Per chi non lo ha conosciuto, Rozzi è stato un presidente, anzi il Presidentissimo. Per chi lo ha vissuto, è stato molto di più. Era il calcio prima dei comunicati patinati, prima delle conferenze studiate, prima dei social. Era un uomo che parlava come mangiava, che viveva lo stadio come una casa e la squadra come una famiglia. Un presidente che scendeva negli spogliatoi, che urlava, rideva, soffriva. Sempre con quei scaramantici calzettoni rossi, diventati leggenda. In televisione Biscardi lo incalzava, Rozzi rispondeva a muso duro, senza diplomazia. Un calcio che oggi manca. Come lui.
L’Ascoli di Rozzi non era solo una squadra: era un’idea di calcio. Una provincia che sfidava le grandi città, una società che con poco faceva tantissimo. Era la Serie A conquistata con l’orgoglio, le vittorie impossibili, le domeniche epiche. Era la sensazione che, contro chiunque, l’Ascoli potesse giocarsela. Perché dietro c’era lui. Sempre lui. Serie A, imprese contro le grandi, salvezze che sapevano di miracolo e vittorie che avevano il sapore dell’epica popolare. Milan, Inter, Juventus, Roma, Napoli: nessuno faceva paura.
Domenica 21 dicembre, contro il Campobasso, quei calzettoni torneranno a camminare sull’erba del Del Duca. Non per nostalgia sterile, ma per ricordare che il calcio può ancora essere sentimento, identità, appartenenza. E che certi uomini non passano: restano.
Trentuno anni senza Rozzi, mai davvero senza
Sono passati 31 anni dalla sua scomparsa, eppure il nome di Rozzi continua a essere pronunciato come se fosse ancora lì, seduto in tribuna, pronto a sbottare o ad abbracciare qualcuno. È raro, nel calcio moderno, trovare una figura che manchi così tanto. Non solo ai tifosi dell’Ascoli, ma a chiunque ami questo sport nella sua forma più pura.
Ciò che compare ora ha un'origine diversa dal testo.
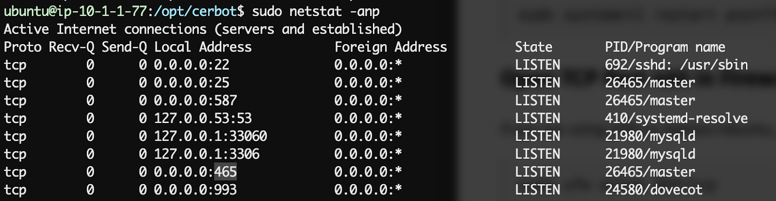 이렇게 서버 구축을 하고 나면 기본적인 SMTP 메일 서버로의 기능을 사용할 수 있다. 그러나 이 상태에서 서버의 네트워크 연결 상태를 확인하면 465번 포트는 활성화되어 있지 않을 것이다. Postfix에서는 465번 포트를 활성화시키기 위해 별도로 설정 파일을 수정해야 한다. 이에 대한 과정도 참고할 수 있도록 링크를 남겨둔다. 이 과정까지 마치면 비로소 465번 포트를 이용하여 SMTPS 통신을 수행할 수 있게 된다.

Rozzi manca perché rappresentava un calcio umano. Imperfetto, istintivo, vero. Un calcio fatto di strette di mano, di promesse mantenute, di rabbia e passione. Manca a chi crede che il pallone non sia solo business, ma racconto. Che una squadra possa essere l’anima di una città.

L’eredità invisibile che vive ancora, l’uomo che rese grande una provincia
Ogni volta che l’Ascoli scende in campo, c’è qualcosa di Rozzi che ritorna. Nella voce dei tifosi più anziani, negli sguardi di chi racconta “quando c’era il Presidentissimo“, nelle storie tramandate come favole vere. È un’eredità che non ha bisogno di statue, vive nella memoria.
Domenica, quei calzettoni rossi non saranno solo un omaggio. Saranno un messaggio. Al calcio di oggi, ai giovani che non lo hanno visto, a chi pensa che tutto sia consumabile. Rozzi non è un ricordo, è una presenza. E finché ci sarà qualcuno che si emoziona per una partita dell’Ascoli, lui non se ne sarà mai andato.